何を言われても、何してても絵文字もないの、良いねもないよ、それはただただ流れて消えてくだけ

「舞台から遠くなるとほとんど聞こえない位になってね……。女優さんが満足しないとって思えてくる、イイネはそこだけなの、そんな感じになっちゃう」分からないよねぇ?


 その言葉になんとなく、違和感と、あと思っていたのと少し違った。


 だが確かに一瞬で戻って放り出されるならばもっと混乱があって良いハズ。そして能力のその間はほぼほぼヒトの詳細が気にならないのだ、まるでネット会議で。現実の表情を見るのでは大違いで。


「そっか……あの、でもそれってどんな」「あぁ~~っ♥ ねぇねぇ、まるっとさっきねぇ、こんなの貰ったよぉ~。お祭りの割引券だってぇっ」「あっ、それすごーいっ、マイちゃんさん私も見せて見せて~~♥」

 マイチ先輩達に紛れて、彼女はすぐに埋もれてしまう。そのまま別れる事になった。ただ小さな小さなチャンスは残せた、コブシを握り……。



「アナタ……、あいつとまだ付き合うのかしら? 明らかに分かってないじゃない、3回目ですよ――」

「でも良いんじゃないかな~って、まるっとリンちゃんの意見を尊重するよぉっ。ただ……うん、確かに3回目だよねぇ? しっかりとしたチャンスはもうね、そう何度もないとは思うの私」

 その厳しい顔と言葉に、輪廻は迷うが……。


「うん――。でも希望だけは持っときたいかなって……。あの言葉、本気だったら良いなって私……」

 輪廻は空を見る、ぐずついた雲。


大体裏切られるよね――。








 そこは水族館の前。まだ暑い場所、日光がキツイ、でも我慢!

 その青い海をイメージした建物の前、小さな魚を探してて。だってココすごい良さげな待ち合わせ場所だから、写メ撮りたいよ、二人の写メぇ……。

「あぁ……ふぅ、よしよし……。それで今度は堂々と待っていような、大丈夫だダイジョブ、、フゥ……フゥ……」鏡で何度も姿をチェックする壮太くん。


 それはしつこく写メしてかなり嫌な顔されたが、しっかりとした灯火公認の着こなし。ノレンに5分で北斎から10分にパンプアップしたものだ!
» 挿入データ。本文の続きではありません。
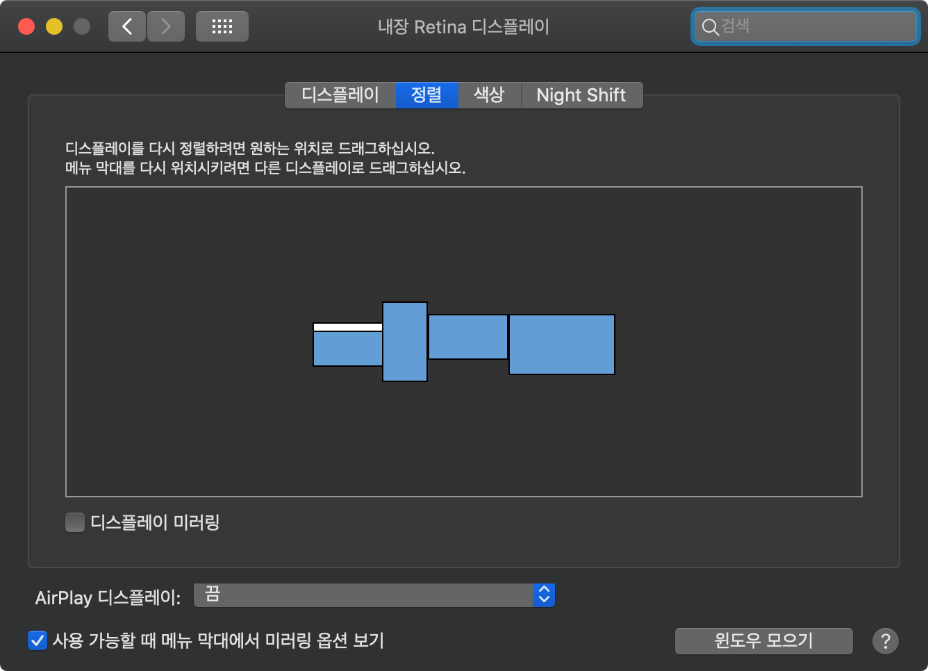아래 처럼 해당 회색 길다란 네모를 드래그를 해서 주 디스플레이로 사용할 곳에 드롭을 하면 된다.

 でも陽射しが暑いなと……、せっかくのTシャツがへばる。なるべく陰で待ってるが。するとやはり結構な美少女が走ってきてて……。


「アッ、戸北くーーんっ! はぁ……はぁ……、待たせたねぇごめんっ。うんっ、じゃあ行こっか行こっ♥」

 分かっていたが、そのまま水族館へと入る、あまり反応はされなかった。

 ただ一番最初の時は実際は輪廻が引いていたと分かったのが収穫かもしれない。灯火の嫌がらせが止まった事もその証左なのか。



「とりあえず~、私はイルカが見たいで~すっ、イルカですイルカイルカ――! あうあぅぅっ♥」

イルカイルカイルカぁぁ……っ!

 ラッコとオットセイの混合種のような、元気だ。暗くほのかに青いトンネルをひたすら邁進し、輪廻はそのヌルっとした水中の豚を眺めて大はしゃぎ。
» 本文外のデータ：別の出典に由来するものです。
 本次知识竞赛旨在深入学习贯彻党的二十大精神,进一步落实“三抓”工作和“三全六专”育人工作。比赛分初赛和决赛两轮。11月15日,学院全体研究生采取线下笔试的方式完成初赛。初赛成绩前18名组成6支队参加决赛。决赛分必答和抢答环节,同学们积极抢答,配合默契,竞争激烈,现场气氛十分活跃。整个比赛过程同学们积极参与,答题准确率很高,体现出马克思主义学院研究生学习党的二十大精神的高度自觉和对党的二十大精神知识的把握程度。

 イルカショーは当然見るし、まるで推しのライブのように人形を振っちゃう美少女。でも触るのは泣いて嫌がる無垢な姿。


 ただ俺が触ったら手をニギニギされた――。ひたすらに。ひたすらに。


 その後はゆっくりと魚を見るが、思った以上に水族館が楽しい。


「わぁぁ~~っ、やっぱりペンギンさんはおもしろ可愛いよねぇ~……。なんかこれってね……、なんか、そう。走るの子どもみたいな真剣さあるんだよねぇってっ」「分かる分かるっ、それ分かるよ輪廻ぇ。あと何気に飛ぼうと画策してる時とかも可愛いよねぇ、キミら進化って、その翼……って、フフフ」


 2人で見て回るが、涼しい感覚、綺麗な水の中を2人して歩いて行くんだ。確かに女優だ……、夏なのに7分袖で白が浮き立っていて、闇の中だと妖精のようで、ジュゴンに好かれ。幅広の帽子は少し子供っぽく見えて、でも何気ない服なのにこの可愛さは……。


「あぁ……、最後はラッコだね……。あぁ~~楽しかったぁ! いっぱいいーっぱい見れたねっ、戸北君っ!」

 大体を見回った2人、そうしてオマケのような小さな水槽の熱帯魚を見ながら一息つく。


 クーラーも効いてて心地良い興奮だけが残る場所で、するとココしかないから……。


「あぁあのさ……、輪廻。まだ俺が……、次もまた彼氏で良いかな。義臣 輪廻さん。俺はやっぱり彼氏がしてたいよ……、またこういうのしたいんだっ!」


――。

――――――――。


「そうだよね。頑張ってくれてるって聞いてるよ。だって私、あれ……、ねぇ部室ってこんなだっけ……?って、こんな綺麗なのあの2人な訳がないな~って、ンフフ♥」未知の姿にびっくりしてたんだ~~♥

 その笑顔は気さくで飾らない、確かにあの時見た輪廻のままだ。

 でも2人っきりだと照れ方が妙に大人っぽかった。


 ふと、彼女は真面目な顔で……。


「でも3回目だよ、それは……大丈夫ですか? 多分もうきっと、負担がスゴイと思うんだ、私知ってるんだよ……私自身の重さは。いっぱいいっぱいなんだって……」

きっともう潰れちゃうんだ――。


 その言葉にチラリと見やる財布、本当にもう限界まで来ていた、たった2ヶ月でじり貧にまで到達した。

 正直何度か同じ言葉が並ぶ事にも嫌気もさした交際。

 だが……それでも前に進む。うなずくんだ。


「そっかぁ……、、、うーーん……――」


 その後、しっかりと付き合う事に。それは専属マネージャーとして。

 そして隙間を縫うように彼は輪廻との時間を探した。家に帰ってもひとしきり写真の見せあいで時間が過ぎる初夏。

 次はどこに行こうかと問えば、やっぱり遊園地か、それか映画か演劇か……。


「確かに無尽蔵に近いな……、本当にアニメの中みたいにバンバン楽しいだけを追求できるんだ。記憶が飛ぶからかな、開放された感覚なのか、でも……」

なんとしてでも行きたい――。


 その増える写真、彩る世界。笑顔の輪廻に彼は思う。



 ただ……親には蹴散らされたが――。